Let's talk about what you're actually measuring. Because "does this episode contain the right facts" is important, but it's not the whole picture.
Not even close. The grading rubric needs to operate on three distinct levels, and this is where RAGAS really shines as a framework. The first level is retrieval quality, which is about the search tool's performance before the LLM even touches the content. The second level is generation quality, which is about what the LLM does with the retrieved content. And the third level is end-to-end quality, which is the combined system evaluated against listener outcomes.
Walk me through retrieval quality first, because I think that's where the Tavily versus Exa comparison lives.
On the retrieval side, the key metrics are context precision, context recall, noise sensitivity, and what I'd call source freshness. Context precision asks: of the documents that were retrieved, how many were actually relevant to the episode topic? Context recall asks the inverse: of all the facts that should have been in the episode, how many were actually present in the retrieved documents? Noise sensitivity measures how much irrelevant content made it through, and whether that irrelevant content confused the LLM. And source freshness measures the timestamp distribution of the retrieved articles.
That last one seems particularly decisive for this use case.
It might be the single most important metric for a breaking news podcast. Exa updates its index every hour. For a war producing major developments every few hours, that hourly freshness is potentially decisive. Tavily, as an aggregator of traditional search engines, is dependent on the freshness of the underlying sources it's pulling from. The benchmark should explicitly log the timestamp of every retrieved document and compute the mean age of retrieved articles at the time of each episode recording.
And if Exa is pulling articles from two hours ago while Tavily is pulling articles from twelve hours ago, that gap in coverage could explain a lot of quality differences that currently just read as "this episode felt better."
That's exactly the kind of insight a formal benchmark surfaces. Now on the generation side, the central metric is what RAGAS calls faithfulness. The formula is straightforward: take the number of claims in the script that are supported by the retrieved context, divide by the total number of claims in the script. That ratio is your faithfulness score. A script with a faithfulness score of point nine means ninety percent of its claims trace back to something the search tool actually retrieved. A script with a score of point six is generating forty percent of its claims from somewhere else, which in practice means the LLM is hallucinating or relying on its pre-training knowledge, which for this topic is out of date.
So a high faithfulness score is actually a signal that the search tooling is working, not just that the LLM is smart.

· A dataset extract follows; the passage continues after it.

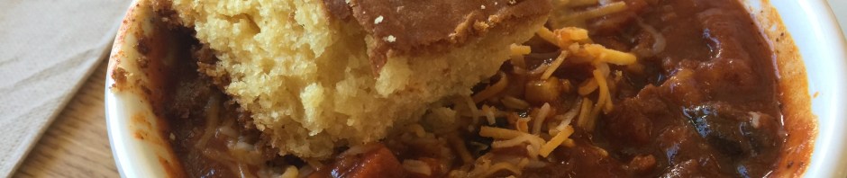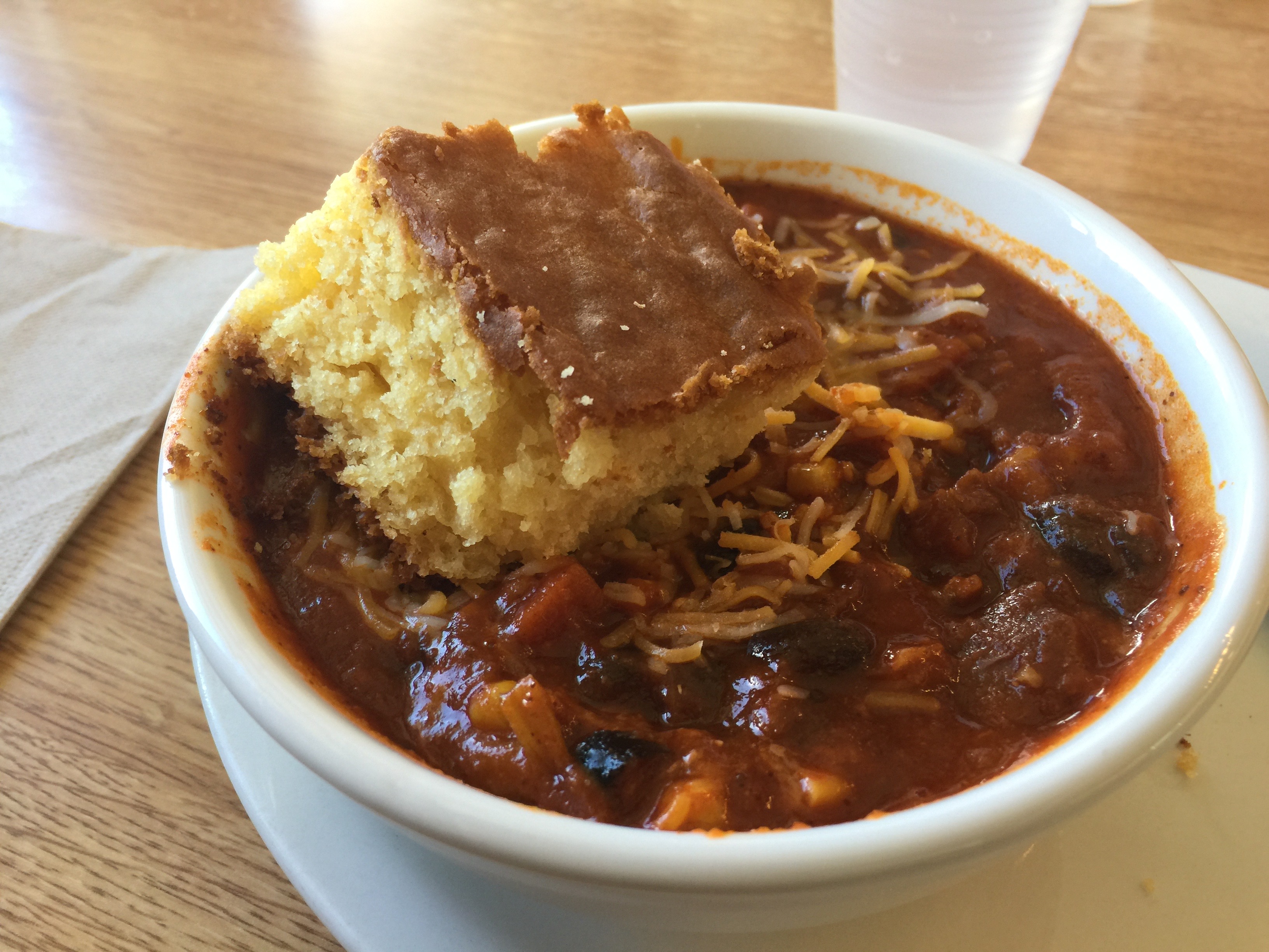 There are some good choices here. Ahi sashimi and some salads. The fish tacos are a trap because they are fried. I just don’t think I want to eat sashimi in the middle of the mountains and salads do not fill me up. So I go with vegetarian chili. To their credit, they ask if I want shredded cheese in case I am a vegan. But I get cornbread and that is made with eggs I am sure. Anyhow, it is a bit gloppy and thick. Uh oh, it tastes best when I crumble the corn bread into it. Grade? I tried

Precisely. If the LLM has good retrieved context to work from, its faithfulness score should be high. If the faithfulness score drops, you need to ask whether the search tool failed to retrieve relevant content, or whether the LLM is going off-piste despite having good context. Those are very different failure modes with very different fixes.
What about hallucination rate? Is that just the inverse of faithfulness?
Essentially yes. The hallucination rate is the percentage of script claims that have no source in the retrieved context. But it's worth tracking separately because hallucinations tend to cluster around specific topics. An LLM might be faithful on diplomatic facts but hallucinate military details, or vice versa. Tracking hallucinations by category lets you identify systematic weaknesses in either the retrieval or the generation step.
There's also a temporal accuracy dimension here that seems tricky. Getting the facts right but getting the sequence wrong could be just as misleading.
And for the Iran war specifically, sequence is everything. Whether Iran rejected the ceasefire before or after the naval blockade was confirmed changes the entire narrative of what's happening. So temporal accuracy, meaning are dates, timelines, and sequences correct, is a dedicated metric in the rubric. You check it against the timestamped ground truth dataset.
Okay, let's talk tools. Because we've been describing what to measure. Now, what software actually helps you do this?
There are four tools worth knowing. RAGAS is the first and most directly applicable. It's an open-source Python library built specifically for RAG evaluation. It implements all the metrics we've described, context precision, context recall, faithfulness, factual correctness, semantic similarity, and it can generate synthetic test datasets from existing documents. It supports LangChain, LlamaIndex, and Haystack integrations out of the box. For a podcast pipeline that's probably already using one of those orchestration frameworks, RAGAS drops in with minimal friction.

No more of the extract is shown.